## DATA:
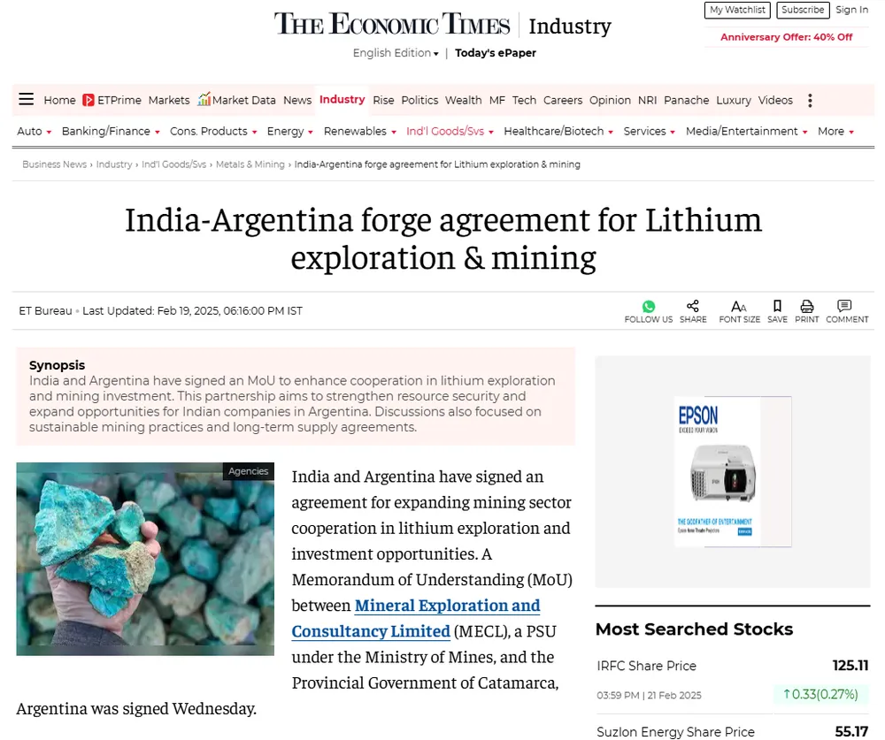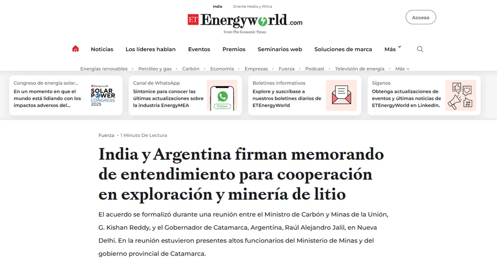 Este acuerdo ha generado gran interés en medios internacionales como The Economic Times yEnergy World, que destacan la importancia de esta cooperación para el futuro de la minería y la tecnología en la región.
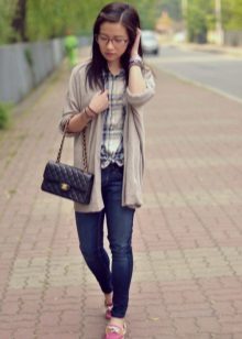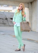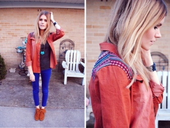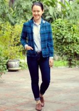 - A good outfit for a light autumn cool, adding a drop of paint to the gray rainy daily routine. Light jeans - boyfriends look great with a white shirt with a small floral print. This garment is complemented by a turquoise quilted jacket, which, incidentally, is two-sided and has an orange color inside.
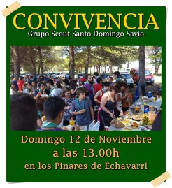 Este domingo día 12 de noviembre celebraremos la tradicional Convivencia de Inicio de Curso. Será a partir de las 13.00h en el pinar de Echavarri, a modo de conclusión de la Acampada de Inauguración que celebramos desde hoy viernes.
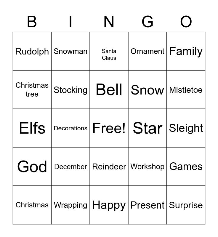 This bingo card has a free space and 24 words: Christmas, December, Bell, Present, Family, Rudolph, Snowman, Santa Claus, Star, Sleight, Elfs, Stocking, Workshop, Games, Christmas tree, Wrapping, Happy, Ornament, Mistletoe, God, Decorations, Reindeer, Snow and Surprise.

## ASSIGNMENT:
All lines from the line with "- A good outfit" through the final line of the data, both included, are to be repeated exactly; no other lines and no pictures.

## EXERCISE RESULT:
 - A good outfit for a light autumn cool, adding a drop of paint to the gray rainy daily routine. Light jeans - boyfriends look great with a white shirt with a small floral print. This garment is complemented by a turquoise quilted jacket, which, incidentally, is two-sided and has an orange color inside.
 Este domingo día 12 de noviembre celebraremos la tradicional Convivencia de Inicio de Curso. Será a partir de las 13.00h en el pinar de Echavarri, a modo de conclusión de la Acampada de Inauguración que celebramos desde hoy viernes.
 This bingo card has a free space and 24 words: Christmas, December, Bell, Present, Family, Rudolph, Snowman, Santa Claus, Star, Sleight, Elfs, Stocking, Workshop, Games, Christmas tree, Wrapping, Happy, Ornament, Mistletoe, God, Decorations, Reindeer, Snow and Surprise.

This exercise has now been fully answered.